Ирина Котова - Королевская кровь. Книга 4
Молодой священнослужитель старался. Много перед его глазами проходило таких пар. И молитвы он давно уже читал на автомате, и окуривал благовониями, особо не вдумываясь в смысл слов, которые произносит. Много было пар, да. Молодых и пожилых, радостных и серьезных. И он привык к будничности этого действа.

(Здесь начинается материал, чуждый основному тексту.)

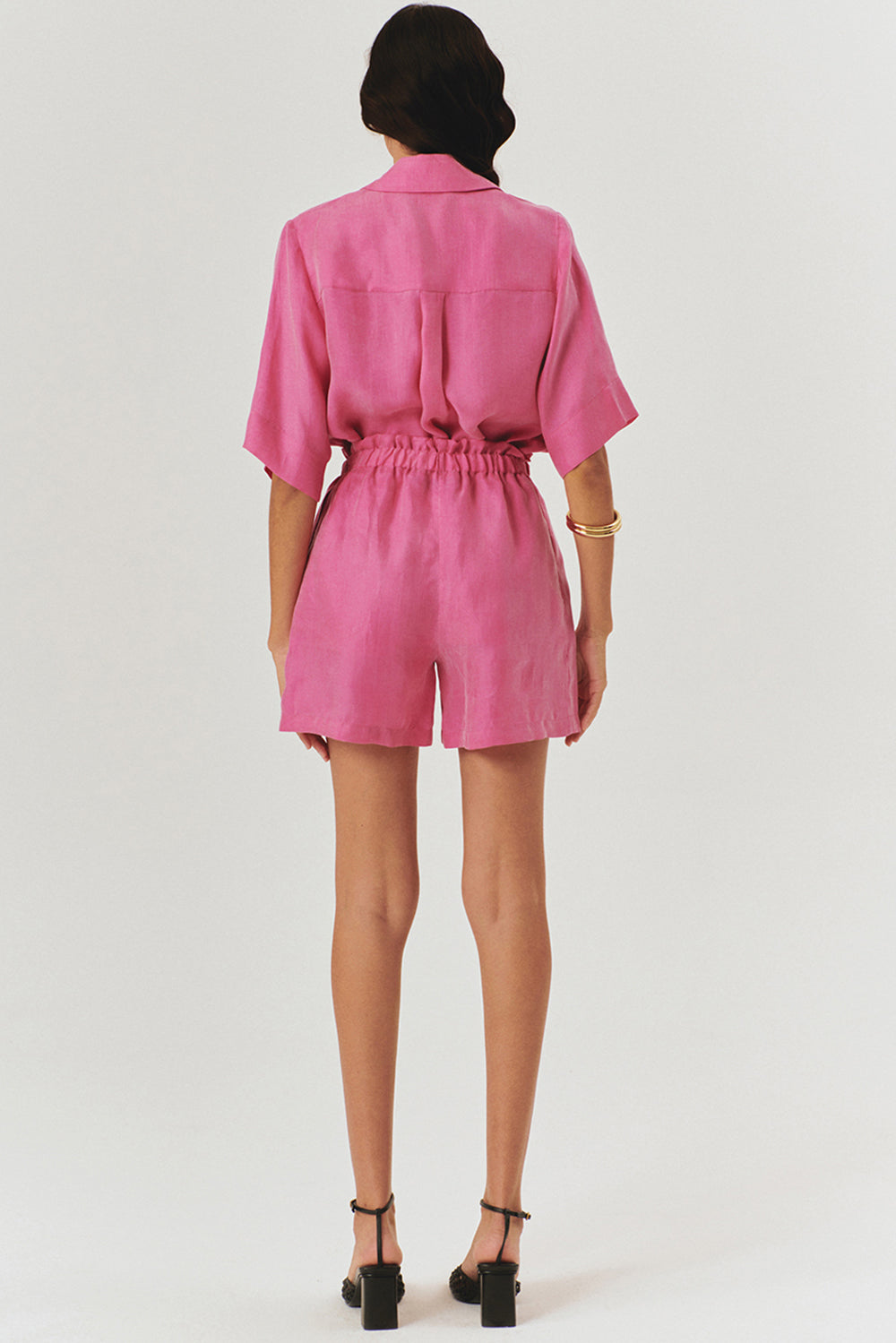 Beli Lastikli Lyocell Regular Pembe Kısa Şort

А сейчас он словно заново услышал слова обряда и, говоря, дивился их красоте и лаконичности. «Нет жены без мужа и нет мужа без жены. Муж! так сказано: уважай жену, почитай жену, восхваляй жену, защищай жену — себя тем самым прославляешь. Жена дом твой и постель твоя, пища твоя и душа твоя. Дом держи в тепле, спи в постели своей, пищу вкушай с удовольствием, душу твою береги. Не уважаешь жену — себя не уважаешь. Женщина! так сказано: люби мужа кротко, безропотно, сильной будь и верной; чем сильнее жена, тем сильнее муж, у достойной жены муж да будь достойнейшим, чтобы стоить ее. Любите друг друга в радости, но любите и больными и злыми, и в молодости, и в старости, ибо тела дряхлеют, а души — никогда»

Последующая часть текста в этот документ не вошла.